### Data extracts
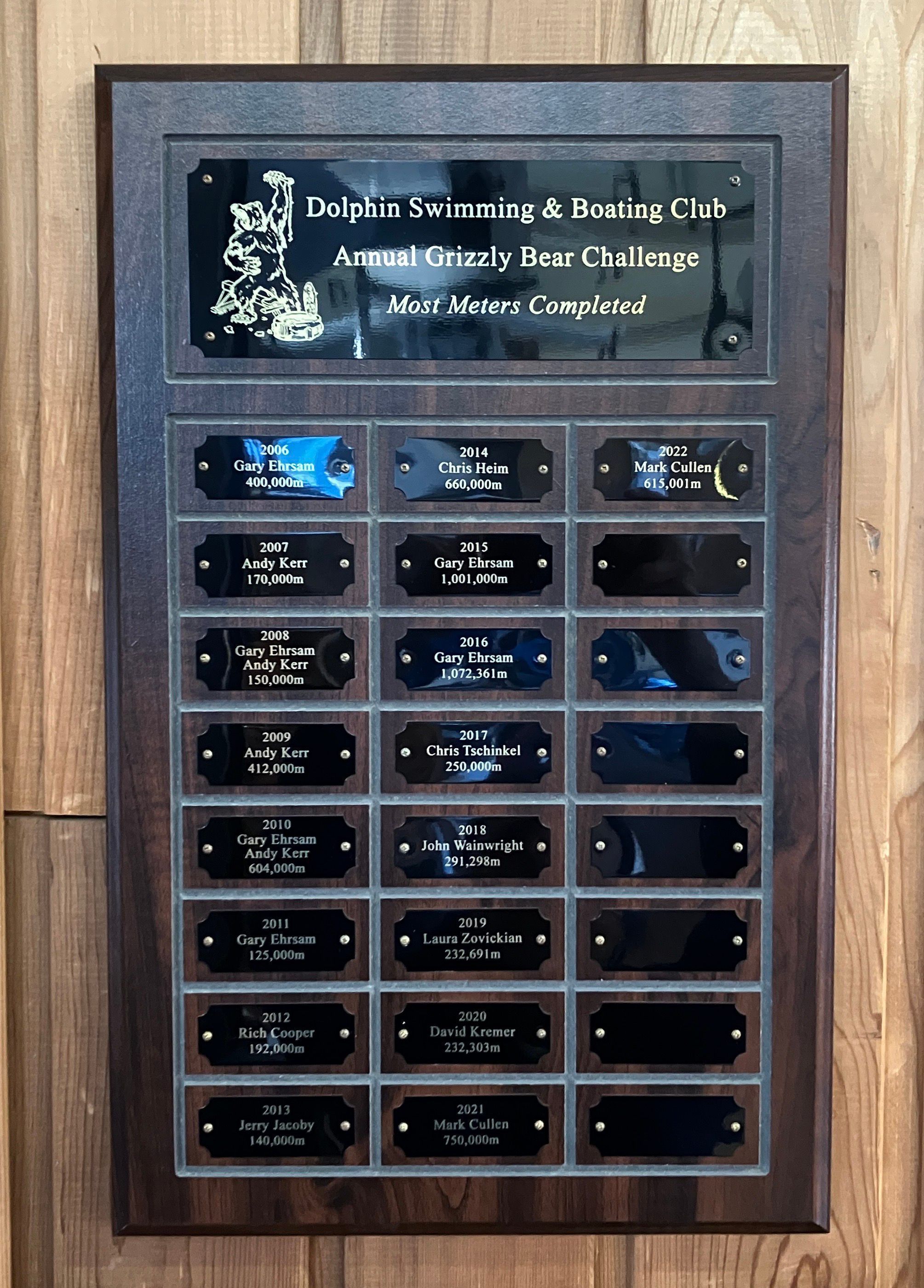 Text on large plate: "Dolphin Swimming and Boating Club - Annual Grizzly Bear Challenge - Most Meters Completed"
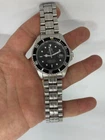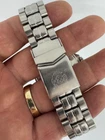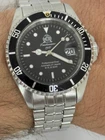 Date at 3:00 central second hand adjustable 60 min. Diver- bezel only anti clockwise casesize 40,3 mm; thick 13,8 mm; all stainless steel Screwed Crown; diameter 7 mm (25,4mm is 1 inch) WR 20bar water resistant high quality automatic movement with 21 jewels (Miyota 8215 manufactured by CITIZEN WATCH CO.,LTD) hardened mineral glas with DATE-Lens screwed bottom illumious hands and indexes high quality Stainless steel strap with protecting clasp (max. circumference 220mm)
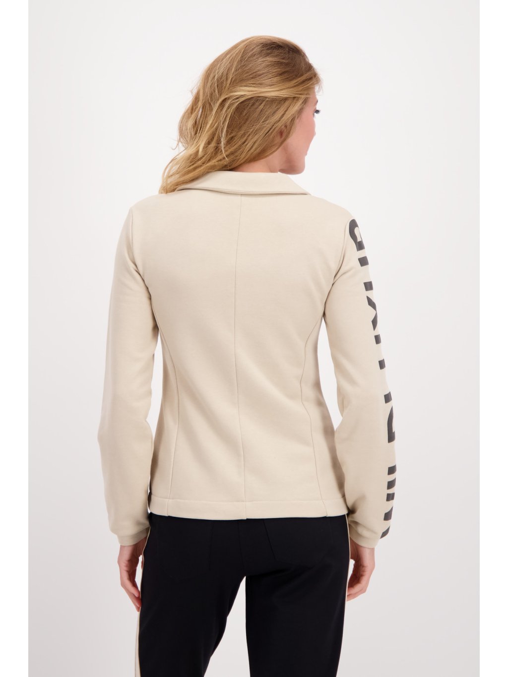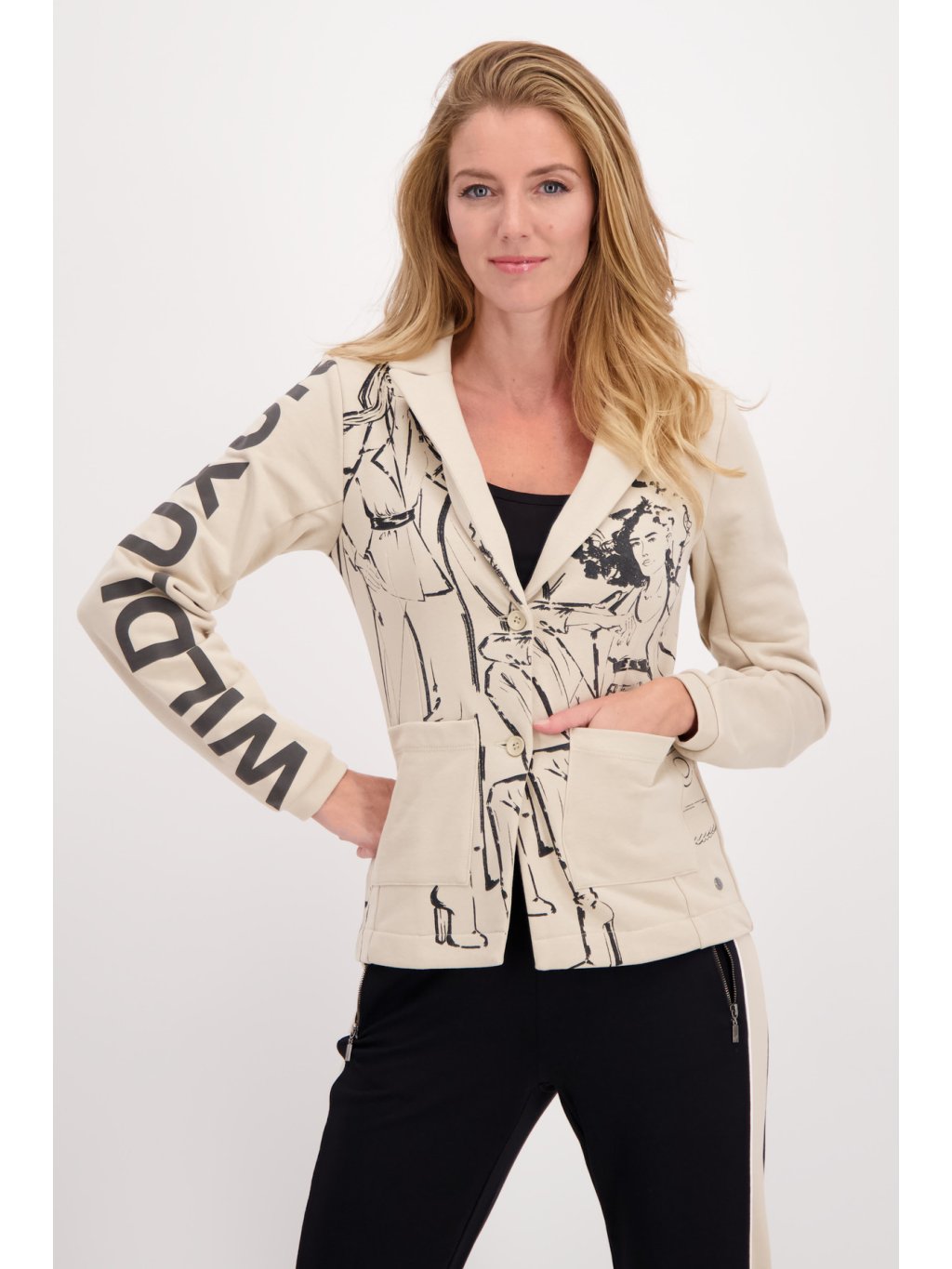 Stylové sako sportovní elegance. Na přední straně Dámské sako jsou černé vzory, kterými rozhodně zaujmete. Sako má dvě přední kapsy a díky svému složení je velmi pohodlné. V saku můžete vyrazit a zaujmout ve společnosti nebo být stylová ve volném čase.Doplňkové parametry
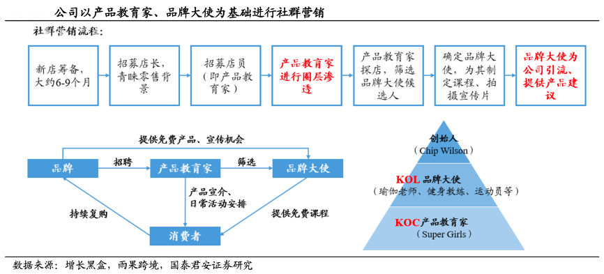 經典案例:根據增長黑盒、雨果跨境、各公司官網、國泰君安證券研究等綜合資訊表明,lululemon 從創立至今始終堅持精準的社群營銷,這種營銷方式以產品教育家、品牌大使為基礎,通過宣傳介紹產品性能、開展社群活動,達到教育消費者的目的,進而使其主動選擇購買公司產品并推薦給親朋好友。
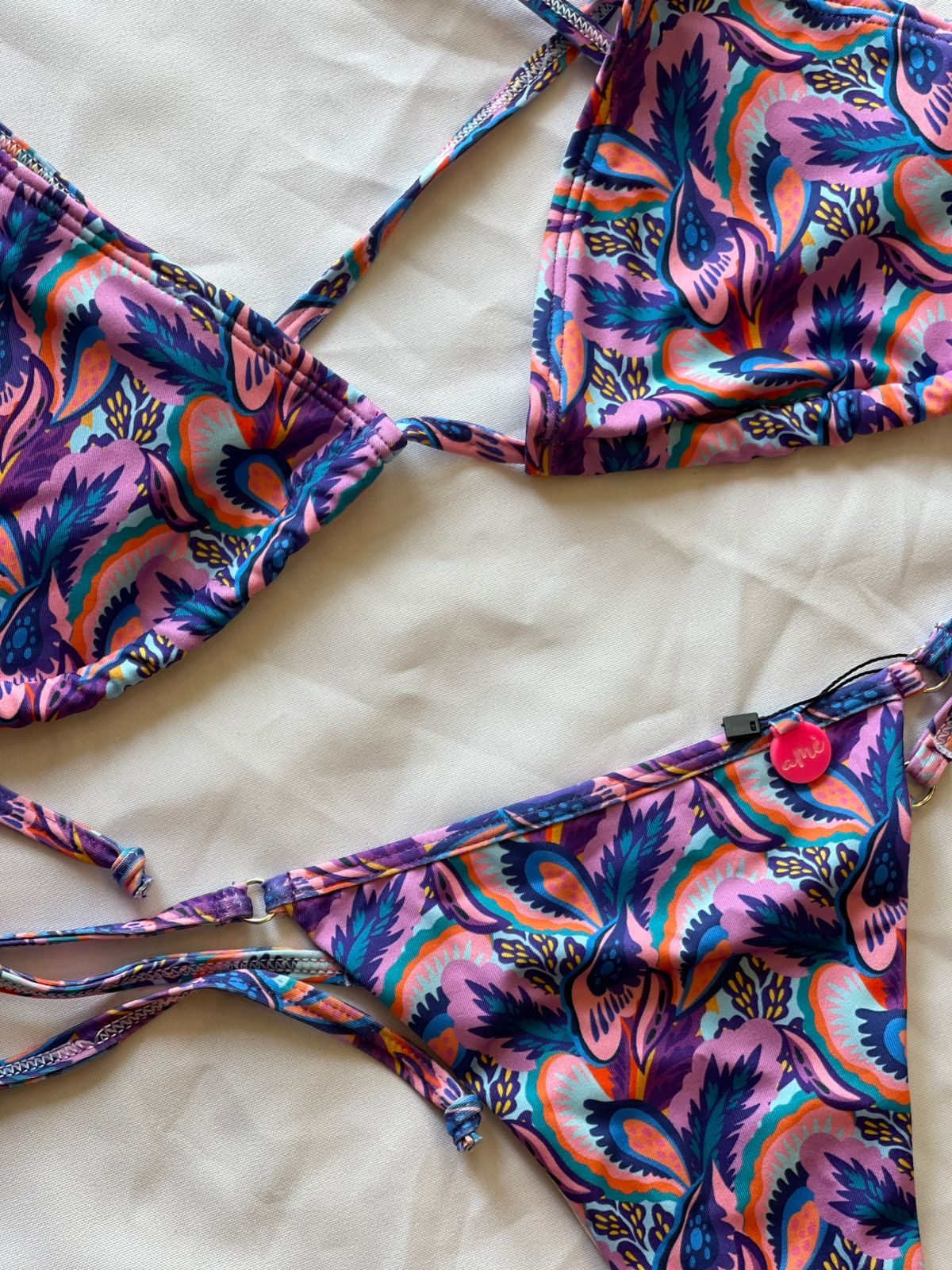 Corpiño triangulito corredizo con rellenitos desmontables, breteles regulables de elastico rasado y espalda para atar de tira extralarga para atarla como se prefiera. Bombacha colaless para atar
######
--- Directions ---
Exclude all pictures and reproduce exactly the lines from the one containing "經典案例:根據增長黑盒、雨果" through the final line of the entries above.

--- Solution for this problem ---
 經典案例:根據增長黑盒、雨果跨境、各公司官網、國泰君安證券研究等綜合資訊表明,lululemon 從創立至今始終堅持精準的社群營銷,這種營銷方式以產品教育家、品牌大使為基礎,通過宣傳介紹產品性能、開展社群活動,達到教育消費者的目的,進而使其主動選擇購買公司產品并推薦給親朋好友。
 Corpiño triangulito corredizo con rellenitos desmontables, breteles regulables de elastico rasado y espalda para atar de tira extralarga para atarla como se prefiera. Bombacha colaless para atar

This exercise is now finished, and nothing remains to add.